Eiko Ishibashi

The Dream My Bones Dream

BY Scott A. GrayPublished Nov 15, 2018

8
Prolific purveyor of experimental, ethereal psych music and frequent Jim O'Rourke collaborator Eiko Ishibashi is back with her sixth album since setting out on her solo path in 2006. Trading in grandiose sophistication and insistent grooves with plenty of room for quirks, the sound of The Dream My Bones Dream immediately calls to mind Stereolab mixed with the slinky trip-hop-isms of Cibo Matto.
 
Also an accomplished producer, Ishibashi directs a distinct sonic vision throughout Dream's too-brief runtime, even though there's plenty of eclecticism at play from track to track.
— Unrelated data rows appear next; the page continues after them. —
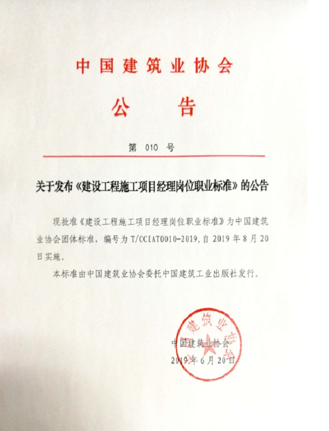 關于發布《建設工程施工項目經理崗位職業標準》的公告
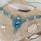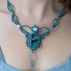 “天体之梦”编织项链,以令人惊艳的蓝色编织工艺,结合拉长石与彩虹月光石,精心制作成精美的捕梦网吊坠,并点缀上细致的银珠。
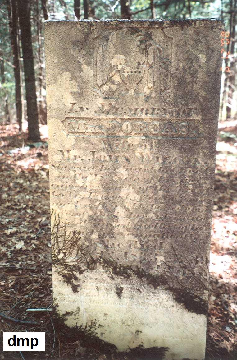 Grave of Dorcas (Tanner) Wilcox, wife of John Wilcox in the Wilcox Lot (WG125).

Her beautiful, airy vocals drift like gauze when they're called for, and when they're not, the Japanese composer is content to let her instrumental skills speak for her — "A Ghost In a Train, Thinking" very capably evokes early Tortoise.
 
It's a marvel of her skill as a musical thinker that motorik instrumental near-prog can sit so comfortably alongside a ballad as classy as the title track — which would have almost sounded at home on Laura Mvula's debut — and make sense when followed by the sinister krautrock wave of "Tunnels to Nowhere."
 
The sheer breadth of styles Ishibashi incorporates might well throw the average listener for a loop, but if an exceptional talent employing any tools she sees fit to make the sounds she hears in her head excites you, The Dream My Bones Dreams contains a wealth of sonic treats worth exploring.